The American Civil Liberties Union and four newspapers have asked a federal judge to unseal court records in an attempt to learn where Pennsylvania corrections officials purchased the drugs that will be used to execute  death row inmates.
The state chapter of the ACLU, The Guardian, the Philadelphia Inquirer, the Pittsburgh Post-Gazette and the Philadelphia City Paper are asking state courts to unseal documents that would reveal how, and from whom, the state obtained the drugs it planned to use to execute Hubert Michael Jr..  Michael's  September 22 execution was stayed by Governor Tom Corbett, according to the Los Angeles Times.

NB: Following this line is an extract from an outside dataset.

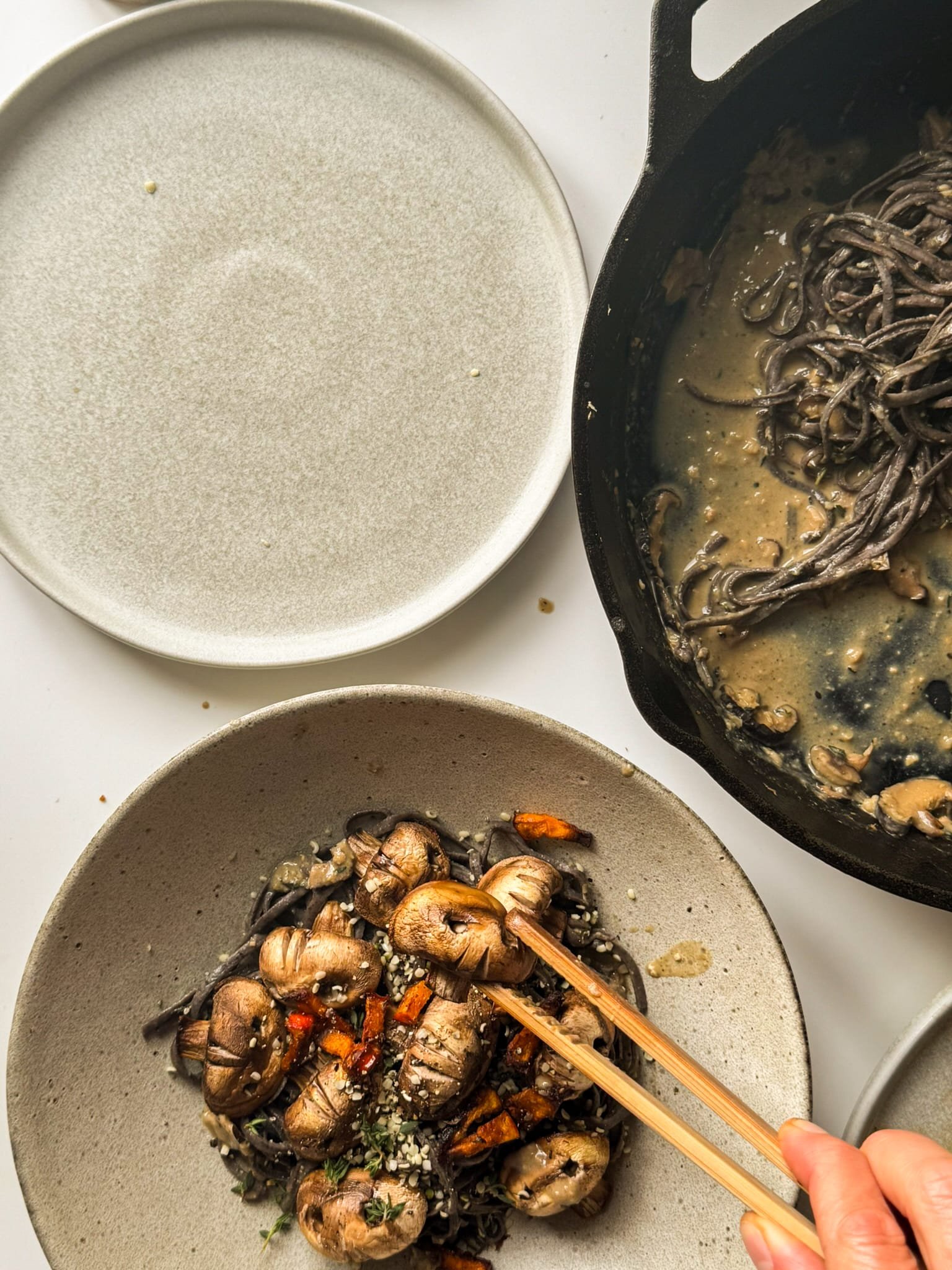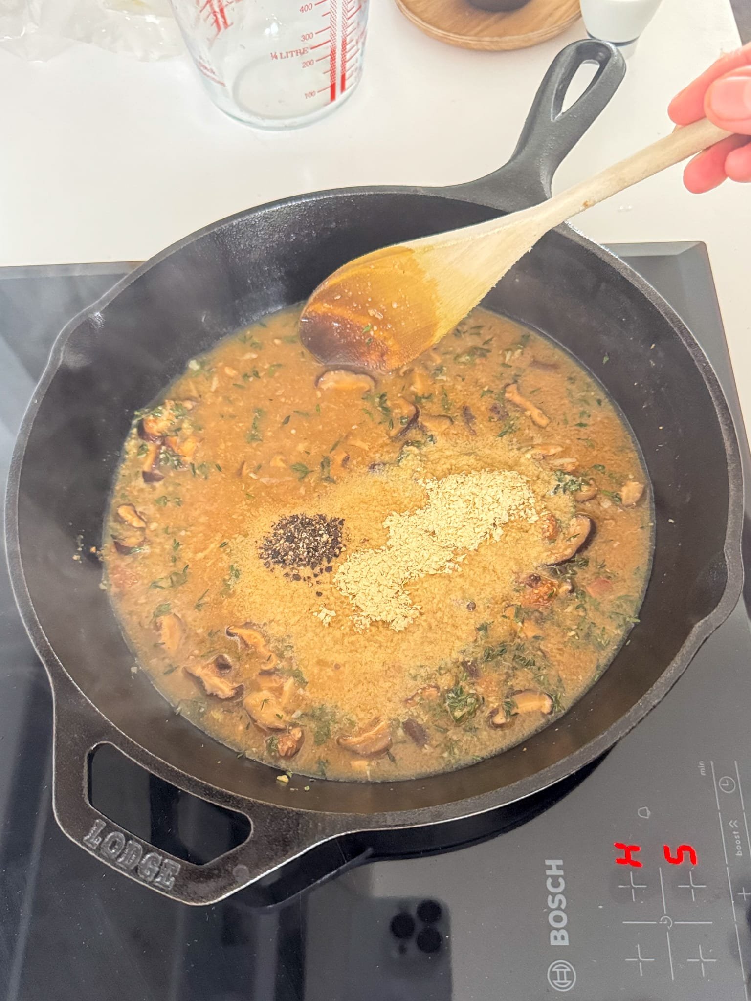 Deglaze the pan with a splash of mushroom broth. Stir in the miso paste, black pepper, chopped dried mushrooms, nutritional yeast, and more broth as needed. Let it simmer gently for 2–5 minutes to thicken slightly.

His execution would have been the first in Pennsylvania in 15 years.
The suit also seeks to grant the public access to documents about the suppliers of drugs used in future state executions.
Pennsylvania has not carried out and involuntary execution in more than 50 years.  In the modern era of the death penalty Pennsylvania has executed three men.  All three gave up their appeal rights and volunteered to be executed.
“In light of the recent string of horrifically botched executions, the public is entitled to know how the state obtained the drugs they plan to use to carry out executions here in Pennsylvania,” Reggie Shuford, executive director of the Pennsylvania chapter of the ACLU, said in a statement.

The Pennsylvania lawsuit comes in the wake of a series of botched executions that have escalated the national debate over the use of the death penalty and the drugs most states employ when executing death row inmates.
There are currently 184 people on death row in Pennsylvania.